‘It’s starting again,’ she says.
‘What do you mean?’ Mary asks, with her slightly imperious air.
‘She’s starting again,’ the midwife repeats. ‘There’s another one coming.’ She pats Agnes’s leg. ‘You’re having twins, my girl.’
Agnes takes this news in silence. She lies back in the bed, clutching her son, exhausted, grey-faced, her limbs slack, her head bowed. The only sign of the pains is a whitening of her face, a pursing of her lips. She allows them to take the baby and to tuck it into the cradle by the fire.
Mary and the midwife stand on either side of the bed. Agnes stares up at them, her eyes wide and glassy, her face ghastly white. She raises a finger and points, first at Mary, then at the midwife.
‘Two of you,’ she rasps out.
‘What did she say?’ the midwife says to Mary.
Mary shakes her head. ‘I’m not sure.’ Then she addresses the girl: ‘Agnes, come to the stool. It is ready. It is here. We shall help you. The time has come.’
Agnes is gripped by a pain, her body twisting first one way, then the next. Her fingers snatch at the sheet, pulling it from the mattress, and she presses it to her mouth. The cry that escapes her is ragged and muffled.
‘Two of you,’ she mutters again. ‘Always thought it would be my children, standing at the bed, but it turns out that it was you.’
‘What was that?’ the midwife says, disappearing once again under the hem of Agnes’s shift.
‘I’ve no idea,’ Mary says, more brightly than she feels.
‘She’s raving,’ the midwife says, with a shrug. ‘Doesn’t know where she is. It takes some like that. Well,’ she says, hauling herself upright again, ‘this baby is coming, so we need to get her up off that bed.’
Between them, gripping her under each arm, they get Agnes up. She permits them to lead her out of bed to the stool and she slumps down on it without a murmur. Mary stands behind Agnes, propping up her limp form.
After a while, Agnes begins to speak, if the sounds and disjointed words could be called that. ‘I should never . . .’ she mutters, and her voice is no more than a whisper, gulping for air ‘。 . . I should never . . . I got it wrong . . . He’s not here . . . I cannot—’
‘You can,’ the midwife says, from her position on the floor. ‘And you will.’
‘I cannot . . .’ Agnes grips Mary’s arm, her face wet, her eyes wide, glittering, unseeing, willing her to understand ‘。 . . you see, my mother died . . . and . . . and I sent him away . . . I cannot—’
‘You—’ the midwife begins, but Mary interrupts her.
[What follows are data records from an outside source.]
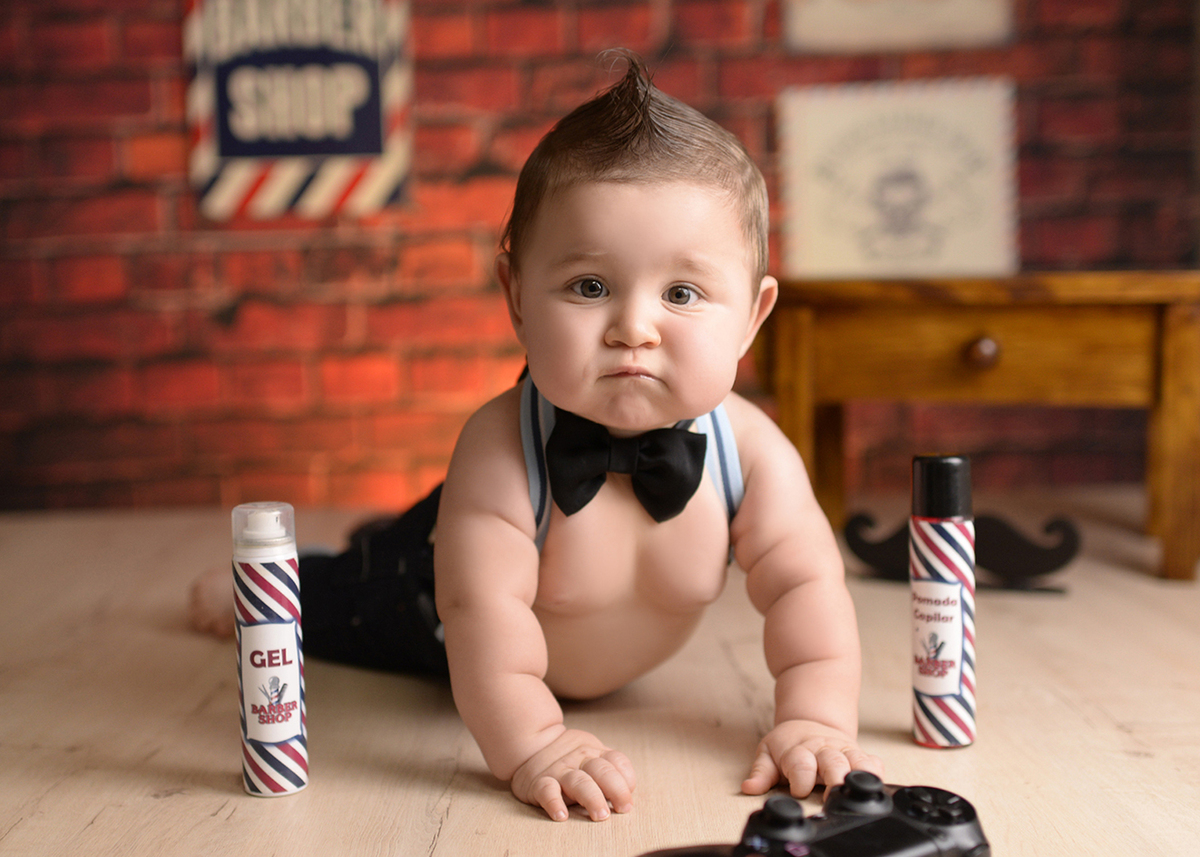E para o ensaio de acompanhamento mensal de 9 meses do Gu, o cenário escolhido foi de barber shop
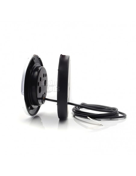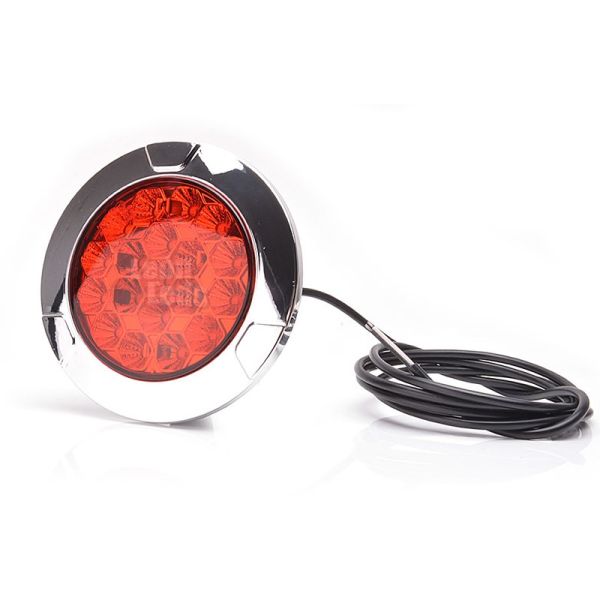 Piloto Antiniebla LED redondo con embellecedor plateado para remolques y camiones valido para instalaciones de 12V y 24V, totalmente homologado.
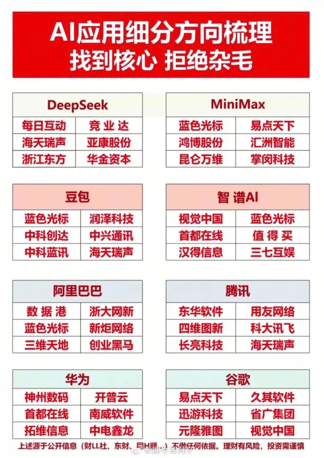 三大硬核赛道核心标的全梳理!半导体+AI应用+光通信精准卡位……半导体投资逻辑:国产替代是当前最核心的驱动力。预计未来3-5年,国内半导体设备材料的国产化率将从目前的20%-30%提升至50%以上。(龙头代表通富微电、北方华创、兆易创新)AI应用投资逻辑:AI大模型的技术迭代与商业化落地是主线。2026年将是AI应用的“落地大年”,To B端的AI服务、To C端的AI娱乐场景有望快速起量。(行业代表:易点天下、蓝色光标)CPO光通信投资逻辑:算力基建的“刚需”支撑。全球AI算力中心的爆发式建设,直接拉动了光模块、光芯片、光引擎等核心部件的需求。(行业龙头代表:中兴通讯、光迅科技等等)投资有风险,决策需理性。以上仅为行业风险梳理,不构成具体投资建议。
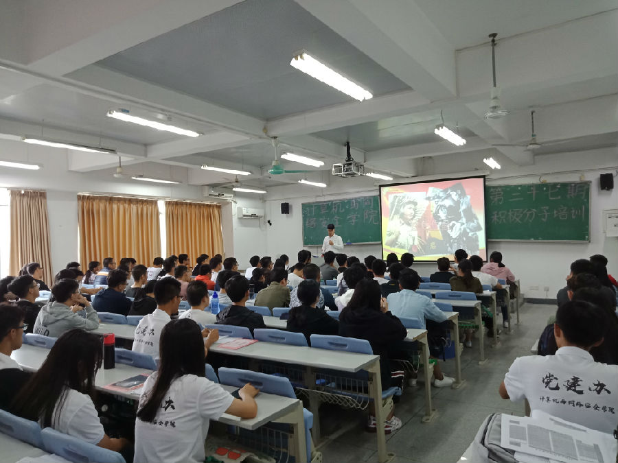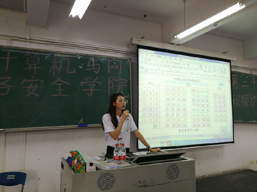 2018年10月18日下午15:30,计算机学院第二十七期入党申请人第一次分党校培训于7B409召开。本次会议的主持人是陈诗怡同学,参与会议的人员有计算机学院学生支部书记周如川老师和计算机学院第27期全体入党申请人。
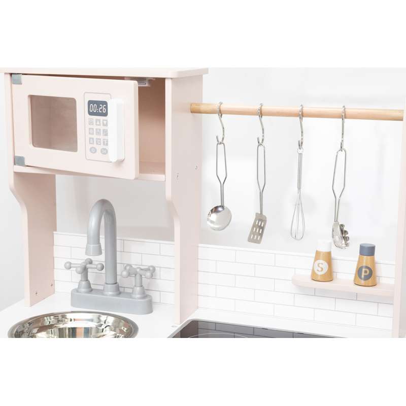 Kid'oh Chefs kök är idealiskt för både enmanslek och lek med vänner eller syskon. Här kan det övas, imiteras och experimenteras med kända vardagssituationer – och barnen kommer att älska känslan av att vara “de vuxna i köket”.

‘Hold your tongue,’ she snaps. ‘Attend to your work.’ She cups her hand around Agnes’s bloodless face. ‘What is it?’ she whispers.
Agnes looks at her and her flecked eyes are pleading, scared. Mary has never seen this look on her face before.
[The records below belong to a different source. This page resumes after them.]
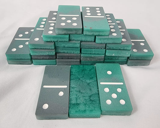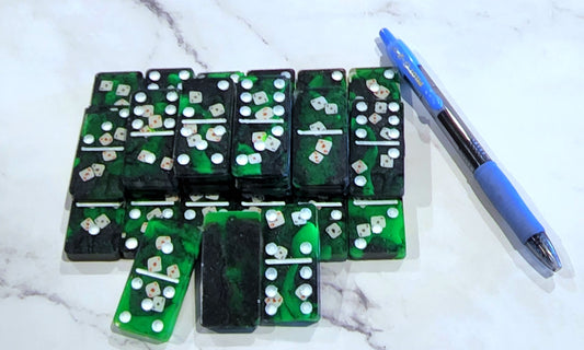 Handmade Resin Dominos - Single Set of 28 Tiles for Kids Ages 3+, Fun Educational Toy for the Classroom or Home, Excellent for Game Night or Travel - Green and Black Glow
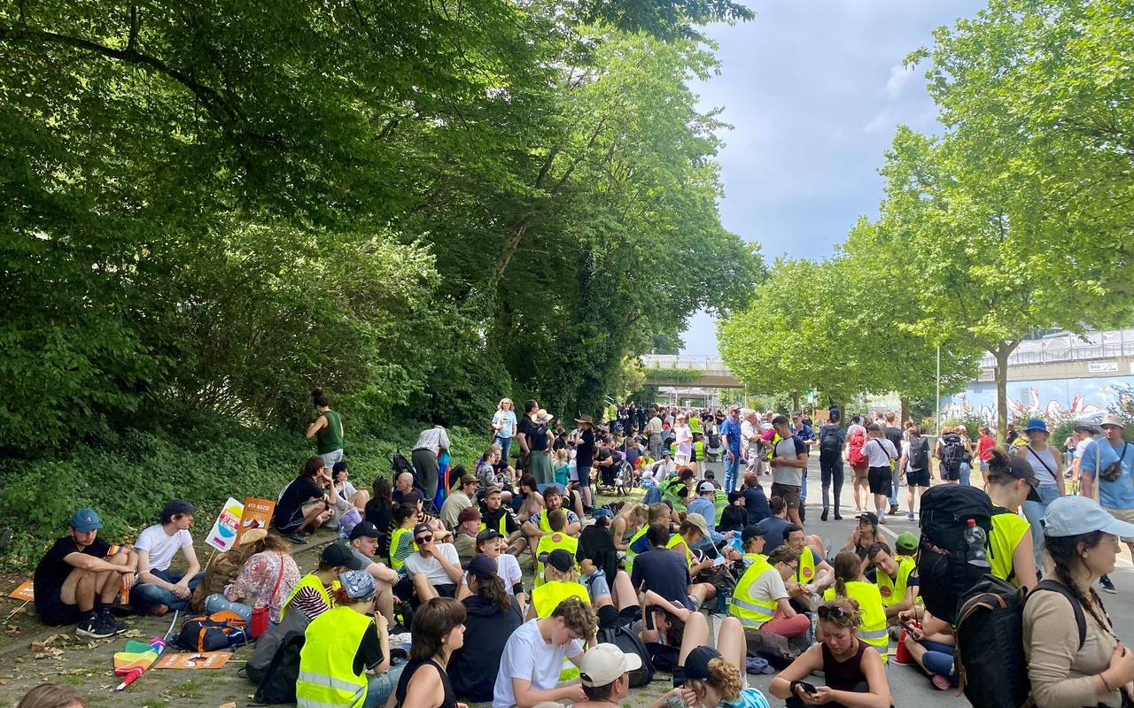 07:44 Uhr: Die Demonstranten selbst rufen von einem Lautersprecherwagen aus "Lasst uns versuchen friedlich zu bleiben". An den meisten Orten ist es das bisher auch geblieben, nur an der Ecke an der A52-Ausfahrt ist es etwas chaotischer.
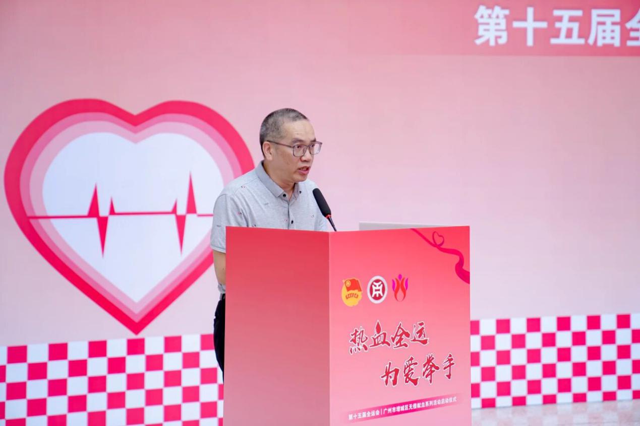 增城区卫生健康局医政科科长陆创杰代表区卫健局向关心支持无偿献血事业的各界表示感谢。他提到,第十五届全运会对增城城市运行、医疗服务尤其是血液应急保障能力提出更高要求,此次活动对储备全运会应急用血、确保赛事期间临床用血充足有很好保障作用,还倡议大家以热情和责任,为全运会、为增城和广州贡献力量。
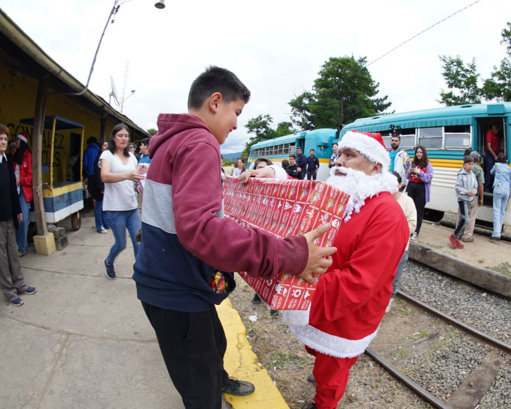 Con el propósito de que nadie quede sin regalo el Tren se detuvo en cada lugar donde hubiera niños, incluso en puntos que no son paradas habituales.
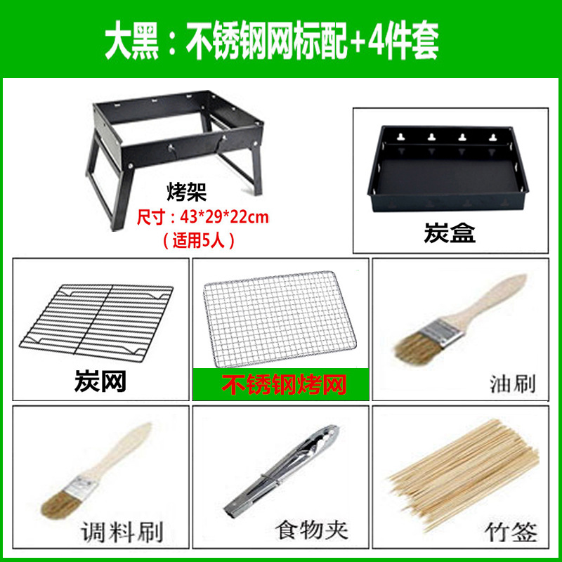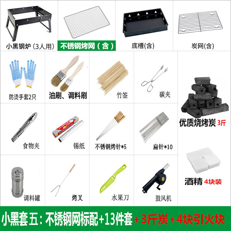 • 작은 검정색 세트 5: 표준 사각형 스테인레스 스틸 메쉬 + 13개 + 숯 1.5kg개 + 점화 블록
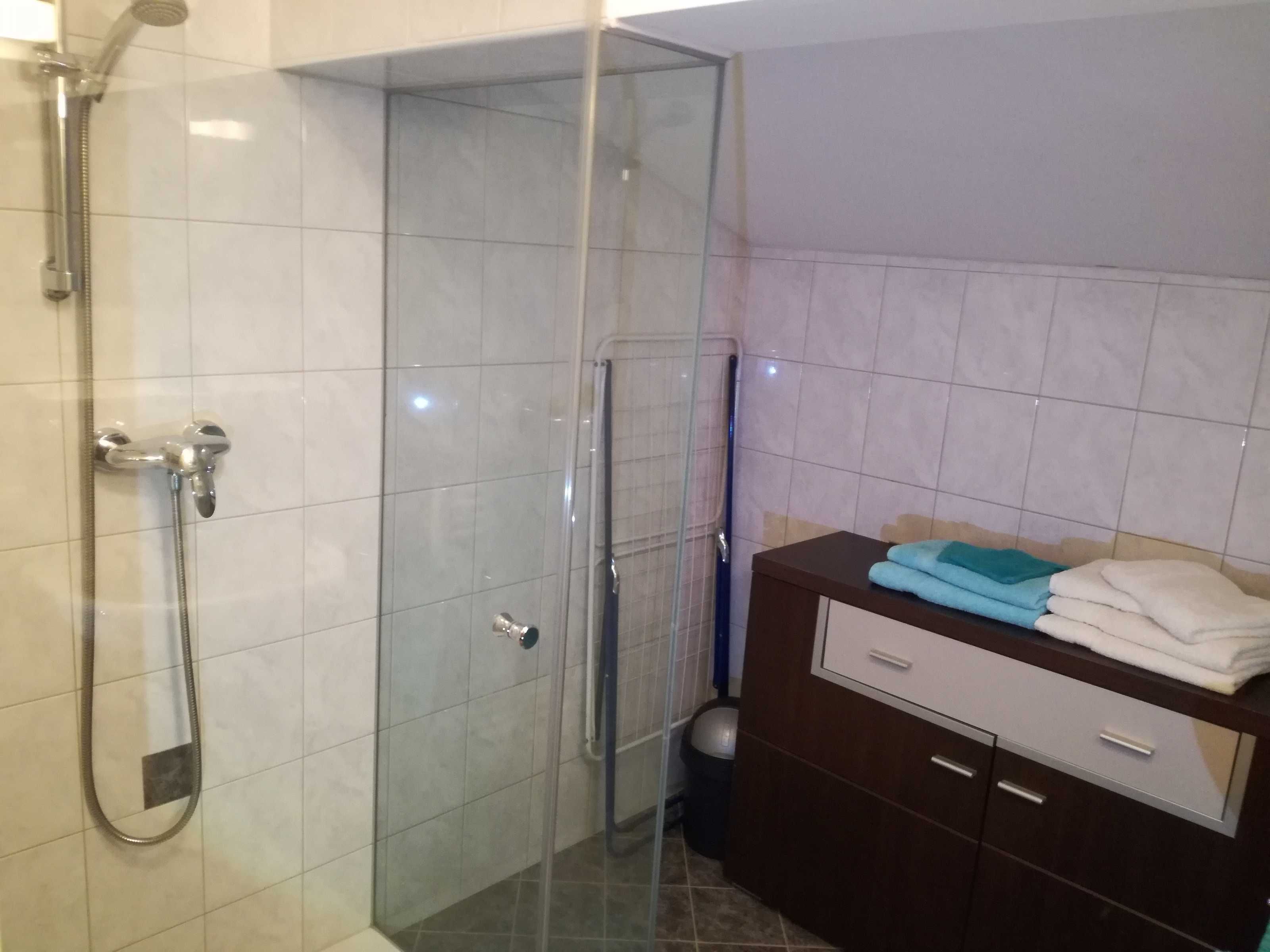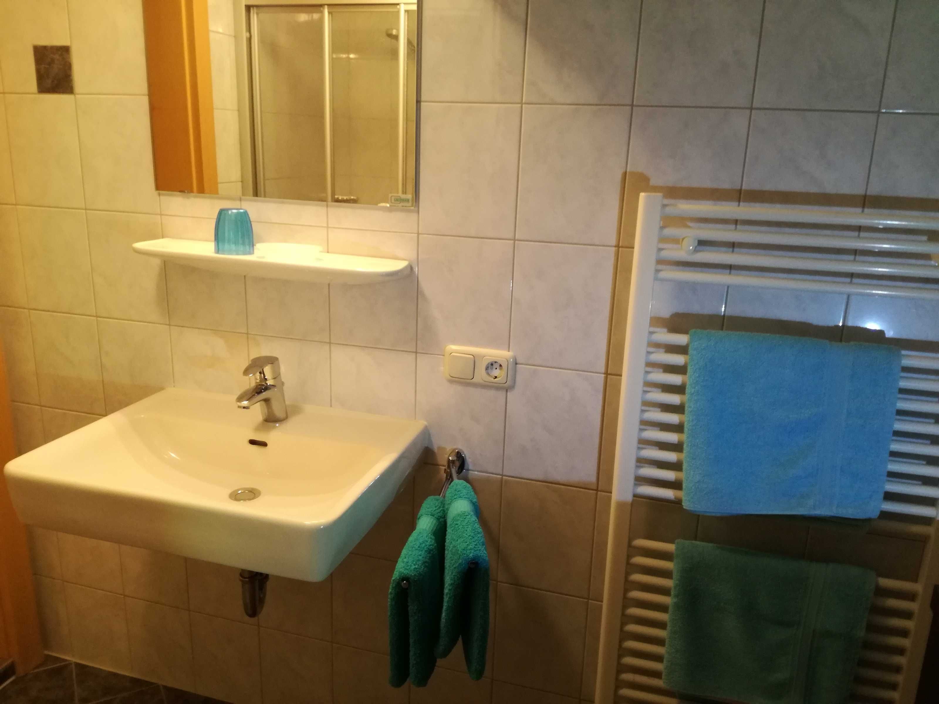 -- Bad/WC getrennt mit Waschgelegenheit im WC, Handtücher, Duschtücher,

‘The thing is . . .’ she whispers ‘。 . . it was me . . . I sent him away . . . and then my mother died.’
‘I know she did,’ Mary says, moved. ‘You won’t, though. I am sure of it. You are strong.’
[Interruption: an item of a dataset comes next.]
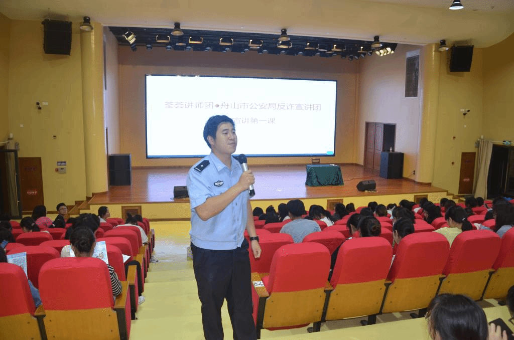 本次讲座邀请到舟山市荃荟讲师团和舟山市公安局反诈宣讲团共同开展,主讲人为舟山市公安局反诈宣讲团王警官。王警官从什么是电信诈骗,电信诈骗的主要形式、怎样预防电信诈骗等方面入手,运用了大量详实的数据、生动的案例,为同学们上了精彩的一课。讲座过程中,王警官通过台上台下互动、趣味问答等方式,让同学们进一步了解电信网络诈骗相关知识,加深印象。

‘She . . . she was strong.’
Mary grips her hand. ‘You will be fine, you’ll see.’
‘But the problem . . .’ Agnes says ‘。 . . is that . . . I should never . . . I should never have . . .’
‘What? What should you never have done?’
‘I should never have sent him . . . to . . . to London . . . It was wrong . . . I should—’
‘It wasn’t you,’ Mary says soothingly. ‘It was John.’
Agnes’s head, lolling on its neck, snaps round to face her. ‘It was me,’ she mutters, teeth clenched.
‘It was John,’ Mary insists.
Agnes shakes her head. ‘I shan’t make it through,’ she gasps. She grips Mary by the hand, her fingers pressing painful spots into the flesh. ‘Will you take care of them? You and Eliza. Will you?’
‘Take care of who?’
‘The children. Will you?’
‘Of course, but—’
‘Don’t let my stepmother take them.’
‘Certainly not. I would never—’
‘Not Joan. Anyone but Joan. Promise me.’ Her expression is maddened, drained, her fingers clamped into Mary’s hand. ‘Promise me you’ll look after them.’
‘I promise,’ Mary says, frowning, staring into the face of her daughter-in-law. What has she seen? What does she know? Mary is chilled, discomforted, her skin crawling with horror. She refuses, for the main part, to believe what people say about Agnes, that she can see people’s futures, she can read their palms, or whatever it is she does. But now, for the first time, she has a sense of what people mean. Agnes is of another world. She does not quite belong here. The thought, however, of Agnes dying, in front of her, fills her with despair. She cannot let that happen. What would she say to her son?